— Спасибо, но у меня уж так выходит.
— Я, Семен Григорич, сразу сказал себе, что долго ты у нас не удержишься. Характер у тебя неуемный, работной, но, дорогой Семен Григорьич, ведь кроме работы есть еще жизнь, и чертовски короткая. И всю ее вбить в работу — представь себе — дико и нелепо. Видишь ли, в России так много земель, что на них никогда не будет порядка Русский мужик распахал столько угодий, что сделался вечным рабом и мучеником своей земли. Она задавила его, опостылела и кормит его впроголодь, но он бьется над нею, смертельно утомив себя и свою семью.
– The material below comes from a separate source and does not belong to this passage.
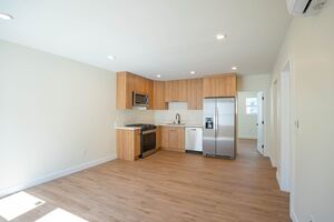 From the moment you step inside, you’ll notice the bright and open layout with large windows that fill the space with natural light. The interiors feature Mid-Century inspired finishes with warm, wide plank floors that create a welcoming and modern feel. The kitchen stands out with brand new stainless steel appliances including a gas stove, refrigerator, dishwasher, and microwave, paired with sleek quartz countertops and European style cabinetry with timeless black finishes. Whether you love cooking at home or simply want a modern space that feels stylish and easy to enjoy, this kitchen delivers. The living area flows seamlessly, perfect for relaxing or entertaining, with new finishes throughout that make the home feel warm and inviting. And because everything in the unit is brand new, from the appliances to the AC, plumbing, electrical, windows, and finishes, you’ll be the very first to experience it all.

И эта усталость его пройдет еще не через одно поколение. Вот скажи сейчас мужику, что работать в праздник — нет греха, и он не даст себе отдыха даже в престол. А бегун, не умеющий перевести дыхание, до срока сходит с линии. Я знаю, сибиряк любит работать, но, как говорится, черт молоть горазд, да подсыпать не умеет. Погоди, успеешь, — Троицкий махнул рукой Ефиму, который нетерпеливо выглядывал из-за куста. — Не научим нашего мужика отдыхать, много толку в его делах не будет. Однако, я вижу, ты не склонен нынче к философским излияниям.
— Да ведь и тебе недосуг.
— Но я думаю, ты не уедешь, не поговорив со мной, не попрощавшись? М-да, и все-таки скажу, чтобы не забыть потом. Мне легко и хорошо было работать с тобой. Ты знаешь, я сам человек силы и напора, но твоей энергии, твоей дотошности в деле завидую. И не в обиду тебе будь сказано, Семен Григорич, на своем наделе ты непременно сделаешься кулаком.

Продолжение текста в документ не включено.